The line between "core" and "project" is the glimmer/ directory. Anything inside is core; anything outside is your project. The maintainer's job is to keep glimmer/ stable, small, and self-contained.

Repo layout

glimmer/
├── schema/
│   ├── schema.md            # v0.3 spec — 10 entity types, edge taxonomy, sidecar format
│   ├── frontmatter.yaml     # machine-readable contract for validators
│   └── glimmer-version      # current core version (0.3.1)
└── tools/
    ├── validate.py          # schema validator (enforces agent-protocol verifiability)
    ├── cli.py               # `glimmer` CLI single entry point
    └── figure_schema.py     # render the schema diagram

examples/
└── ds000114-nipype/         # canonical worked example from the CAISC 2026 paper
    ├── install.sh           # `datalad install ///openneuro/ds000114` + selective `datalad get`
    ├── workflow.py          # Nipype anatomical preprocessing (BET → FAST)
    ├── emit_graph.py        # walk the workflow's provenance + emit Glimmer sidecars
    ├── verify.py            # re-run the cited methods + confirm output hashes match
    └── rokb/                # generated Glimmer instance after running the steps above

docs/
├── paper-citation.md        # how to cite Glimmer + the CAISC 2026 paper
├── design-rationale.md      # why typed-entity sidecars over a central database
├── extending-the-schema.md  # process for proposing new node/edge types
├── agent-protocol.md        # the verifiability contract for agent-produced outputs
├── agentic-loop.md          # plans-as-issues + autoresearch over a Glimmer graph
├── datalad-pattern.md       # DataLad as the I/O backbone (mrinit's pattern, generalized)
├── interop.md               # cross-reading BIDS / NIDM / RO-Crate / JSON-LD / schema.org
├── roadmap.md               # v0.3+ entity types (persona, concept, experiment, meta-analysis)
└── faq.md

Quick start

# Install dependencies
pip install -r requirements.txt
# FSL must be on PATH (or use the nipreps/fmriprep Docker container)

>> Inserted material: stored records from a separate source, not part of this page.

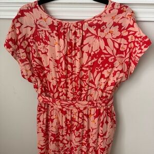 GAP Tiered V-Neck Floral Belted Dress Prairie Cottage Summer Orange Poppy Red M - in excellent used condition. When laid flat, dress measures approximately 19 inches from pit to pit and 39 inches long.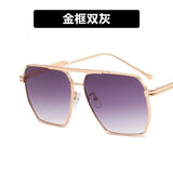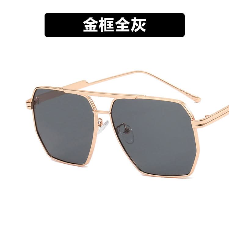 Upgrade your look with these stylish double-beam pilot sunglasses featuring a sleek gold frame and chic grey lenses. Designed with an irregular polygonal shape, they add a unique twist to the classic aviator style, giving you a sophisticated and fashion-forward edge. The full-frame design offers a secure and comfortable fit, perfect for all-day wear.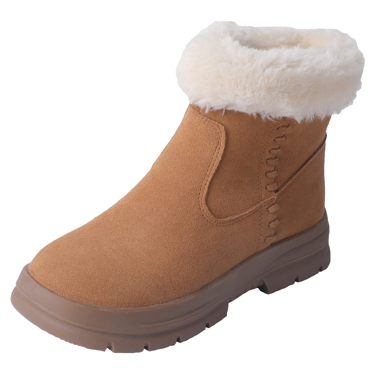 子加绒加厚棉靴妈妈短靴冬鞋 鞋 新款 真皮厚底保暖雪地靴女2025冬季
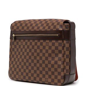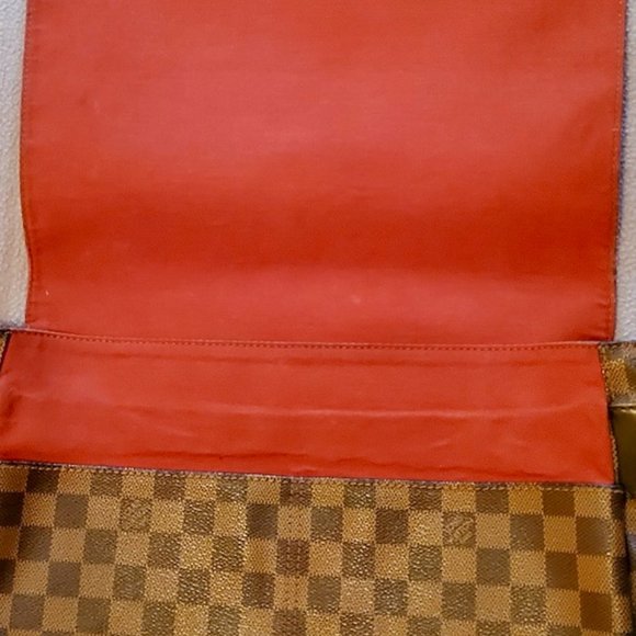 Bastille Messenger By Louis Vuitton Crafted In Brown Damier Ebene Printed Coated Canvas With An External Zip. It Features A Comfortable And Adjustable Wide Canvas Shoulder Strap With The Louis Vuitton Logo. The Top Flap Reveals An Interior Lined With Red Canvas And Housing One Open Pocket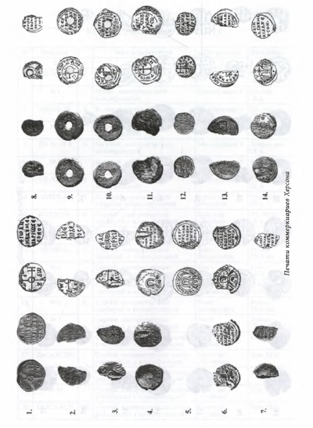 Моливдулы херсонских коммеркиариев известны практически с самого начала исследования Херсонеса. Единичные экземпляры в свое время издавали многие исследователи: Г. Шлюмберже1937, И.И. Толстой1938, Н.П. Лихачев1939, Дж. Эберсольт1940, К. Константопулос1941, А.Ф. Вишнякова1942, В. Лоран1943. Впервые попытку собрать все печати коммеркиариев воедино предприняла И.В. Соколова1944. В труде исследовательницы, посвященном монетам и печатям византийского Херсона, моливдовулы коммеркиариев составляют вторую по значительности группу, состоящую из 18 экземпляров1945.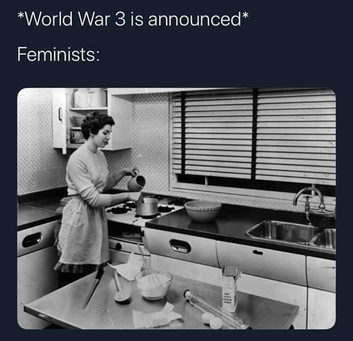 32 We need more memes here on .win (i.postimg.cc) posted 1 year ago by GuacamoleTariff 1 year ago by GuacamoleTariff +32 / -0 5 comments share 5 comments share save hide report block hide child comments Comments (5) sorted by: top new old worst ▲ 2 ▼ – KAGCountry 2 points 1 year ago +2 / -0 I don't get it? Can you explain how this image relates to WW3 and why a feminist is dressed like a traditional housewife? What is this meme trying to say? permalink save report block reply ▲ 1 ▼ – deleted 1 point 1 year ago +1 / -0 ▲ 2 ▼ – KAGCountry 2 points 1 year ago +2 / -0 There's nothing meek about being a traditional housewife. permalink parent save report block reply ▲ 1 ▼ – deleted 1 point 1 year ago +1 / -0 ▲ 1 ▼ – deleted 1 point 1 year ago +1 / -0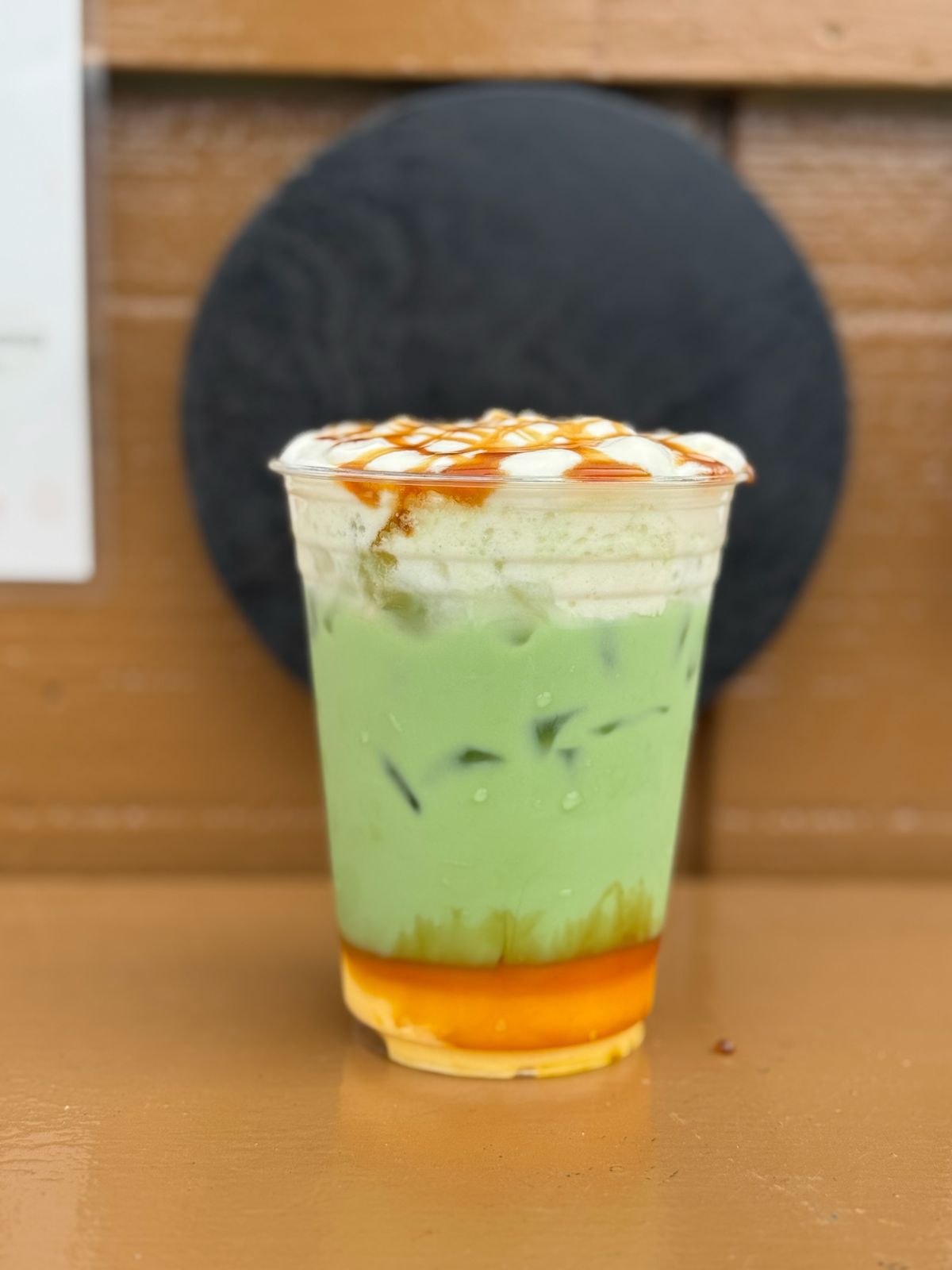 Matcha suave con un toque dulce y dorado.

# Run the canonical example end-to-end
cd examples/ds000114-nipype
bash install.sh                    # ~30 MB DataLad fetch (sub-01 T1w + dataset metadata)
python workflow.py                 # runs BET + FAST, produces derivatives + provenance.json
python emit_graph.py               # walks provenance + emits Glimmer sidecars under rokb/

# Validate the emitted graph
python ../../glimmer/tools/validate.py rokb/

# Verify the trace (re-runs each method from the graph's pinned SHAs + compares hashes)
python verify.py

Core principles

Distributed-over-files, not centralized. Glimmer graphs survive git clone, datalad export, rsync without bespoke serialization.
Typed entities, not flat documents. Different entity types invite different agent reasoning strategies.
Edges are first-class. Every relationship a researcher would name out loud should be an edge in the graph.
Standards are nodes, not background. BIDS spec versions, FreeSurfer releases, atlas versions are addressable, not implicit.
Provenance is intrinsic. Every node carries a content hash; every edge carries a version. Re-running a workflow from the graph's pinned SHAs is the verifiability test.
Source-first sanity check. When a verification fails or a pipeline goes sideways, rebuilding the method from upstream source is often the recovery move. The schema makes this expressible (source-checkout-url, source-build-instructions) and the verifier can fall back to a source-rebuild rather than trusting a cached binary that may have drifted.

Versioning policy

Glimmer follows semantic versioning at the schema level. Core utility updates that don't change the schema are minor; schema changes that break existing sidecars are major. The current schema version is recorded in glimmer/schema/glimmer-version.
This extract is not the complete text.